What is needed> The material beneath this line should be printed exactly, with its pictures omitted.

=== Data excerpts ===

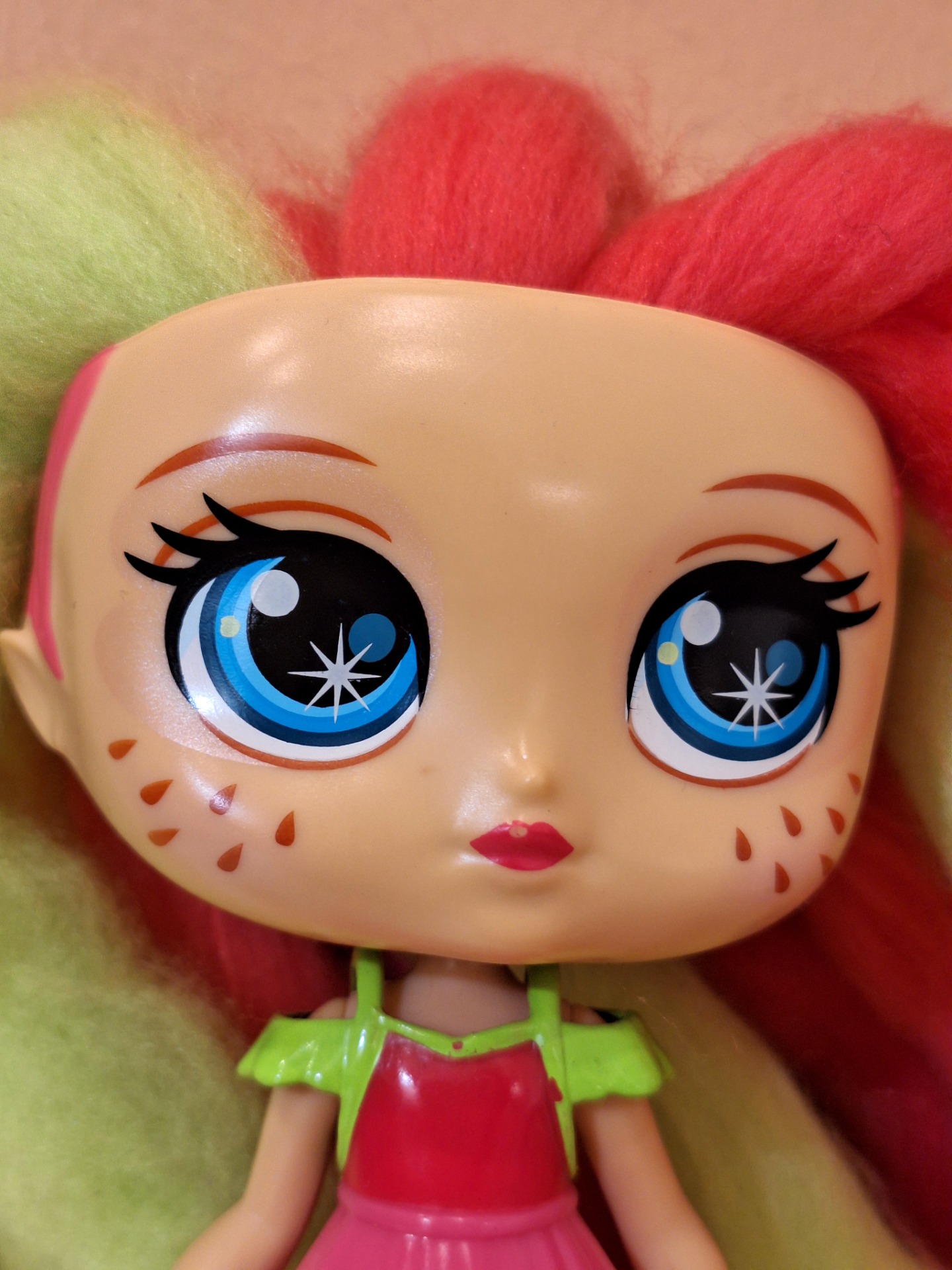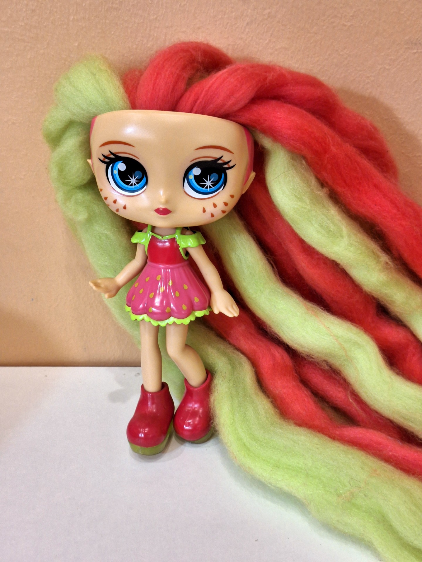 Iso Candylocks nukke hattarahiuksilla. Ehjä leikitty kunto. Pituus noin 18 cm.
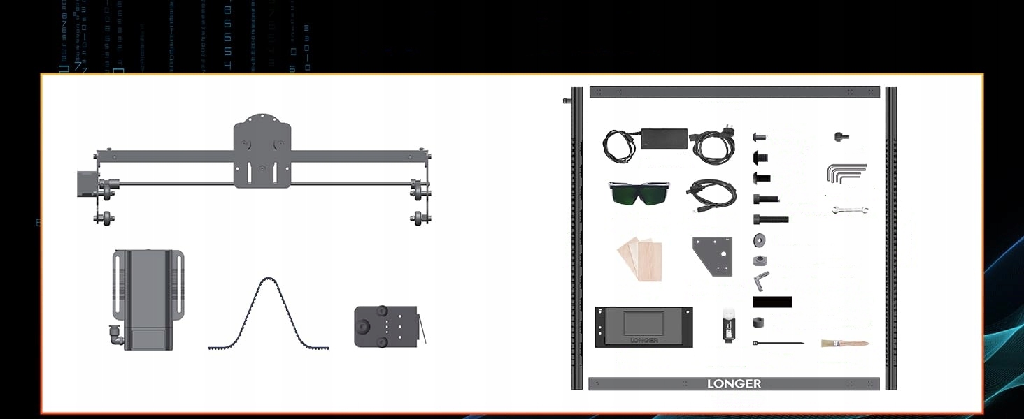 - Чотирьохядерний діодний лазер із вихідною потужністю 22-24 Вт, здатний різати такі матеріали, як сосна товщиною 25 мм, акрил товщиною 35 мм і нержавіюча сталь товщиною 0,05 мм.
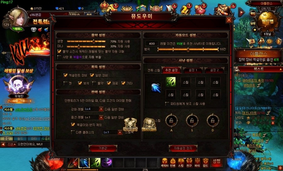 웹RPG 의 공식중 하나가 바로 3종 자동세트죠. 자동전투, 자동퀘스트, 자동이동. 뮤템페스트도 이런 자동시리즈를 잘 이어가고 있는데요. 자동 시스템과 함께
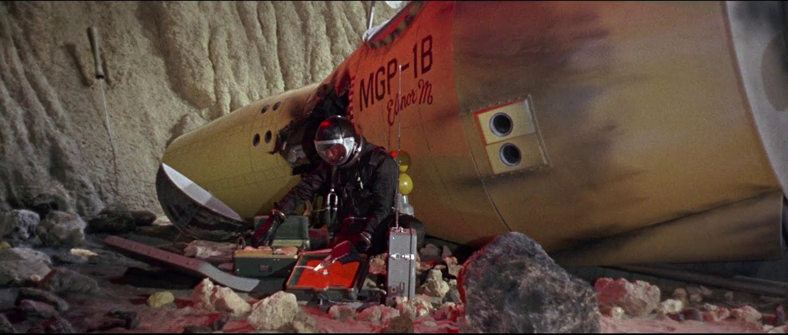 Олдскульная научная фантастика, которая с первых же минут (особенно при виде обезьянки в скафандре на борту космического корабля) покоряет своей наивностью и цветопередачей. Теплый, ламповый «Техниколор». Сюжет в точности воспроизводит название фильма. Это действительно история выживания Робинзона, знакомая нам с детства, только главный герой (его зовут Кристофер Дрейпер) приземляется на Красной планете. Там же он и встречает обезьянку Мону, своего первого друга, учится добывать кислород, находит воду и съедобное растение под поверхностью Марса. А Пятницу Дрейпер немного позже обнаружит в рядах инопланетян-рабовладельцев, которые временами прибывают на Марс.
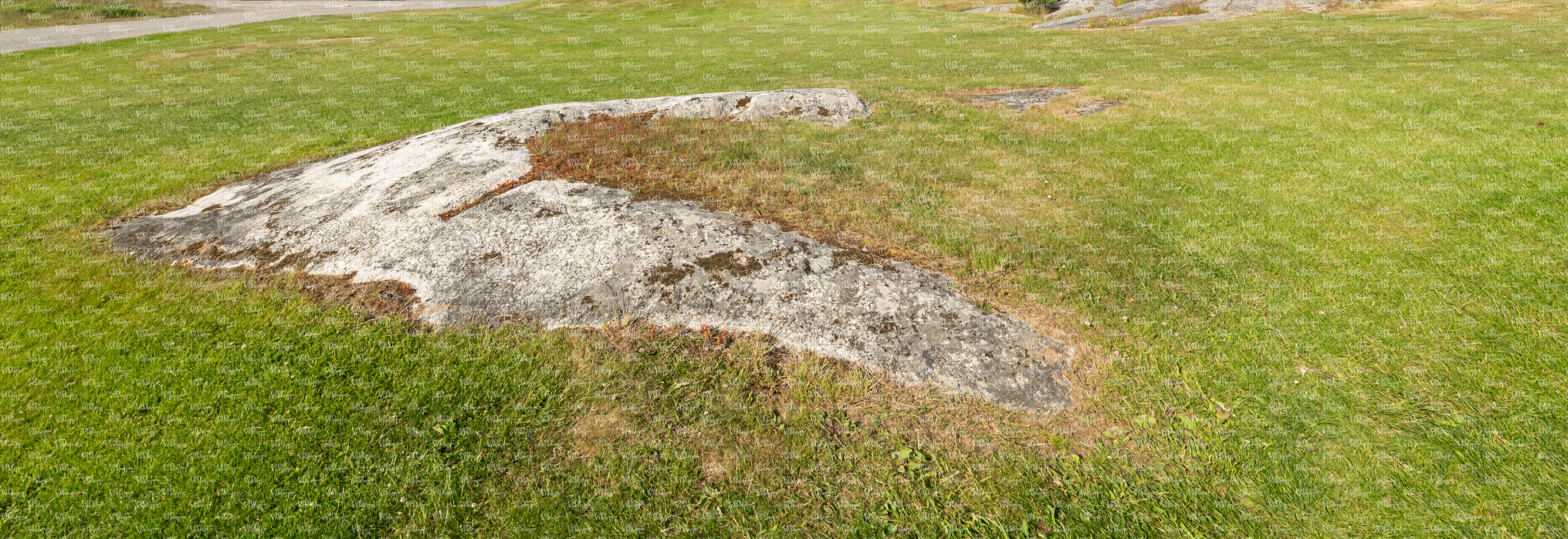 • mowed lawn with a rocky patch
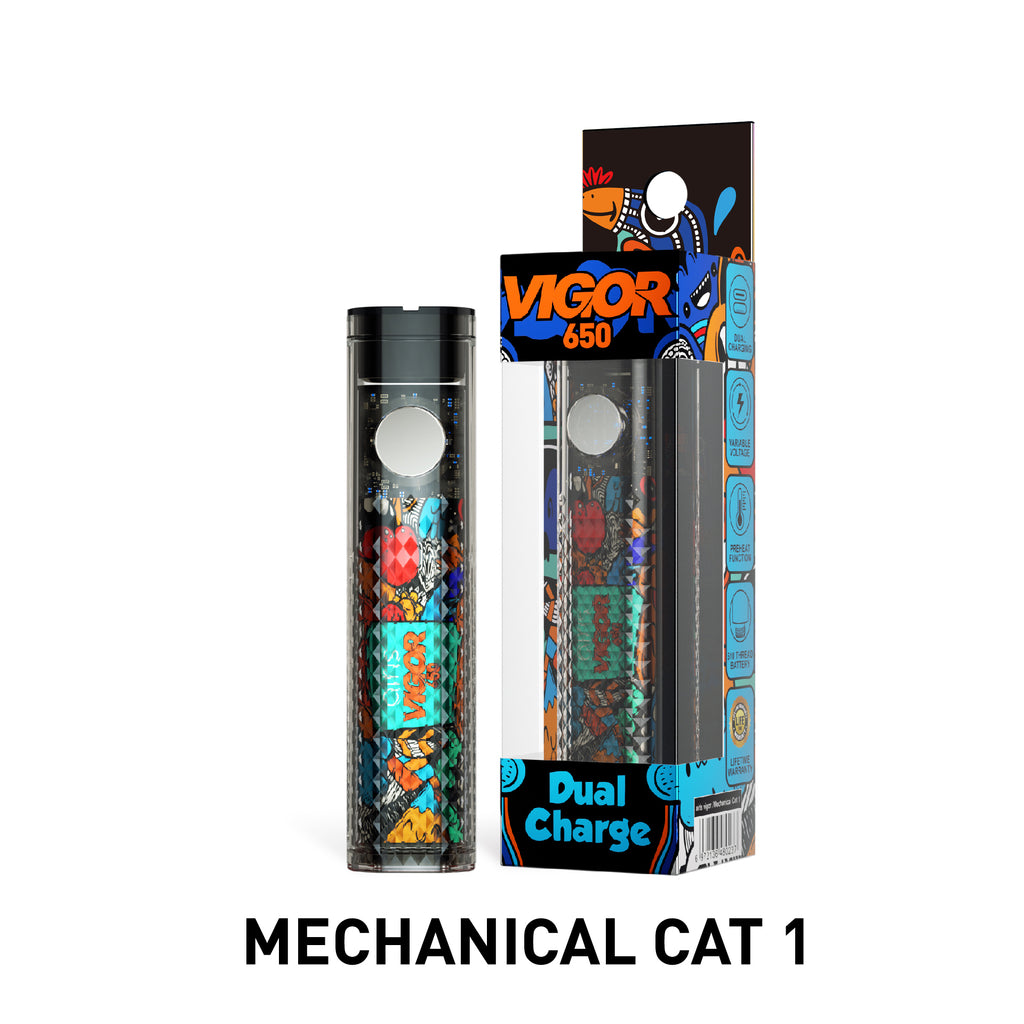 The Airis VIGOR combines powerful performance with unique style, making it the perfect 510-thread vape battery for CBD enthusiasts. With its creative graffiti design and customizable voltage settings, the VIGOR offers both functionality and flair.
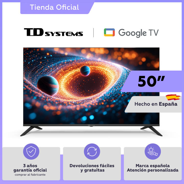 Smart TV 50 pulgadas 4K Hey Google Official Assistant con control por voz. Televisor Android 14 - TD Systems K50DLC21GLE
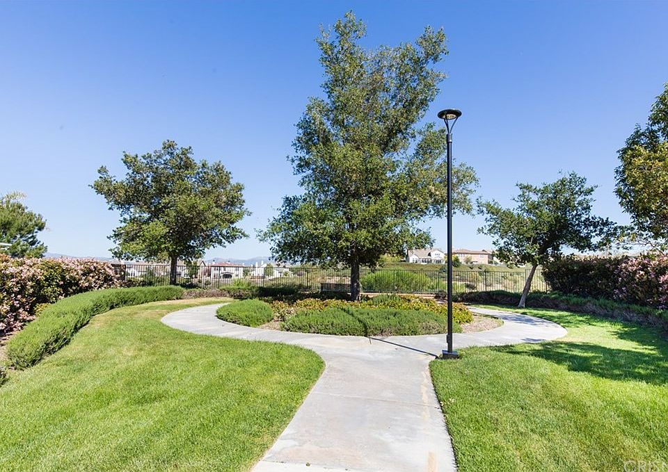 Golf Course View Home with Pool-Sized lot. Presenting a wonderful 6 bedroom, 5 bathroom home in the highly-sought-after Westridge Valencia community. With amazing panoramic views of the golf course and mountains, and close freeway access, this is the home you've been looking for! Located on a cul-de-sac street, this home has a well-maintained common area next door, which provides a buffer zone from the neighbors on that side. The entertainer's backyard features three covered patios with BBQ island, stamped concrete and stone pavements, pool-sized side yard, custom iron gates at front and patio entries, and many fruit and flower trees throughout. Inside, you'll find many upgrades, including quartz counters in the kitchen, Sub-Zero refrigerator, Thermador 6-burner gas stove with hood, new cabinet doors in kitchen and bathrooms, new water heater, trash compactor, and dishwasher, designer lighting throughout, newer flooring throughout, and partial new interior paint. The second floor master suite is amazing, with a large sitting area, plantation shutters, panoramic view, garden tub, walk-in shower, and double vanities. Also upstairs is a guest room with retreat and attached bath, two guest rooms that share a Jack and Jill bathroom, and several built-in book cases. On the main floor you'll find two guest bedrooms, two bathrooms, the laundry room, two work areas, family room with fireplace, and upgraded kitchen with breakfast bar island and nook. Welcome to your new home!
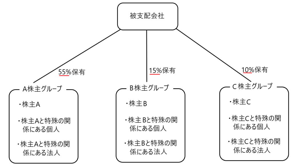 A株主グループは、株主A、株主Aと特殊の関係にある個人、株主Aと特殊の関係にある法人が有する株式の合計が55%であるので、「1つの株主グループで発行済株式等の50%超を有する場合」に該当し、被支配会社になります。
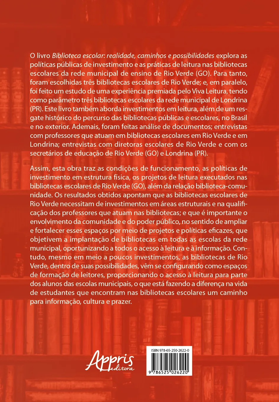 O livro Biblioteca escolar: realidade, caminhos e possibilidades explora as políticas públicas de investimento e as práticas de leitura nas bibliotecas escolares da rede municipal de ensino de Rio Verde (GO). Para tanto, foram escolhidas três bibliotecas escolares de Rio Verde; e, em paralelo, foi feito um estudo de uma experiência premiada pelo Viva Leitura, tendo como parâmetro três bibliotecas escolares da rede municipal de Londrina (PR). Este livro também aborda investimentos em leitura, além de um resgate histórico do percurso das bibliotecas públicas e escolares, no Brasil e no exterior. Ademais, foram feitas análise de documentos; entrevistas com professores que atuam em bibliotecas escolares em Rio Verde e em Londrina; entrevistas com diretoras escolares de Rio Verde e com os secretários de educação de Rio Verde (GO) e Londrina (PR).
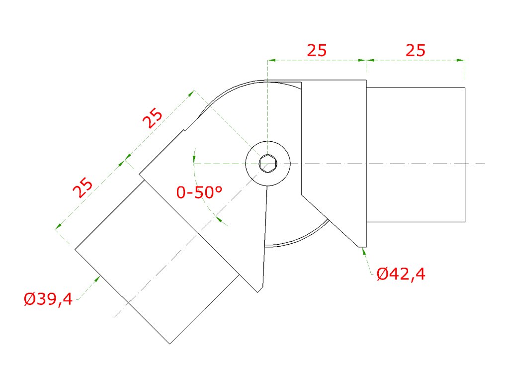 Do vyprodání zásob: přechod nastavitelný - koleno s kloubem (ø 42.4x1.5mm) na trubku ø42.4mm, narážecí spoj, broušená nerez K320 /AISI304

===

Answer box>
 Iso Candylocks nukke hattarahiuksilla. Ehjä leikitty kunto. Pituus noin 18 cm.
 - Чотирьохядерний діодний лазер із вихідною потужністю 22-24 Вт, здатний різати такі матеріали, як сосна товщиною 25 мм, акрил товщиною 35 мм і нержавіюча сталь товщиною 0,05 мм.
 웹RPG 의 공식중 하나가 바로 3종 자동세트죠. 자동전투, 자동퀘스트, 자동이동. 뮤템페스트도 이런 자동시리즈를 잘 이어가고 있는데요. 자동 시스템과 함께
 Олдскульная научная фантастика, которая с первых же минут (особенно при виде обезьянки в скафандре на борту космического корабля) покоряет своей наивностью и цветопередачей. Теплый, ламповый «Техниколор». Сюжет в точности воспроизводит название фильма. Это действительно история выживания Робинзона, знакомая нам с детства, только главный герой (его зовут Кристофер Дрейпер) приземляется на Красной планете. Там же он и встречает обезьянку Мону, своего первого друга, учится добывать кислород, находит воду и съедобное растение под поверхностью Марса. А Пятницу Дрейпер немного позже обнаружит в рядах инопланетян-рабовладельцев, которые временами прибывают на Марс.
 • mowed lawn with a rocky patch
 The Airis VIGOR combines powerful performance with unique style, making it the perfect 510-thread vape battery for CBD enthusiasts. With its creative graffiti design and customizable voltage settings, the VIGOR offers both functionality and flair.
 Smart TV 50 pulgadas 4K Hey Google Official Assistant con control por voz. Televisor Android 14 - TD Systems K50DLC21GLE
 Golf Course View Home with Pool-Sized lot. Presenting a wonderful 6 bedroom, 5 bathroom home in the highly-sought-after Westridge Valencia community. With amazing panoramic views of the golf course and mountains, and close freeway access, this is the home you've been looking for! Located on a cul-de-sac street, this home has a well-maintained common area next door, which provides a buffer zone from the neighbors on that side. The entertainer's backyard features three covered patios with BBQ island, stamped concrete and stone pavements, pool-sized side yard, custom iron gates at front and patio entries, and many fruit and flower trees throughout. Inside, you'll find many upgrades, including quartz counters in the kitchen, Sub-Zero refrigerator, Thermador 6-burner gas stove with hood, new cabinet doors in kitchen and bathrooms, new water heater, trash compactor, and dishwasher, designer lighting throughout, newer flooring throughout, and partial new interior paint. The second floor master suite is amazing, with a large sitting area, plantation shutters, panoramic view, garden tub, walk-in shower, and double vanities. Also upstairs is a guest room with retreat and attached bath, two guest rooms that share a Jack and Jill bathroom, and several built-in book cases. On the main floor you'll find two guest bedrooms, two bathrooms, the laundry room, two work areas, family room with fireplace, and upgraded kitchen with breakfast bar island and nook. Welcome to your new home!
 A株主グループは、株主A、株主Aと特殊の関係にある個人、株主Aと特殊の関係にある法人が有する株式の合計が55%であるので、「1つの株主グループで発行済株式等の50%超を有する場合」に該当し、被支配会社になります。
 O livro Biblioteca escolar: realidade, caminhos e possibilidades explora as políticas públicas de investimento e as práticas de leitura nas bibliotecas escolares da rede municipal de ensino de Rio Verde (GO). Para tanto, foram escolhidas três bibliotecas escolares de Rio Verde; e, em paralelo, foi feito um estudo de uma experiência premiada pelo Viva Leitura, tendo como parâmetro três bibliotecas escolares da rede municipal de Londrina (PR). Este livro também aborda investimentos em leitura, além de um resgate histórico do percurso das bibliotecas públicas e escolares, no Brasil e no exterior. Ademais, foram feitas análise de documentos; entrevistas com professores que atuam em bibliotecas escolares em Rio Verde e em Londrina; entrevistas com diretoras escolares de Rio Verde e com os secretários de educação de Rio Verde (GO) e Londrina (PR).
 Do vyprodání zásob: přechod nastavitelný - koleno s kloubem (ø 42.4x1.5mm) na trubku ø42.4mm, narážecí spoj, broušená nerez K320 /AISI304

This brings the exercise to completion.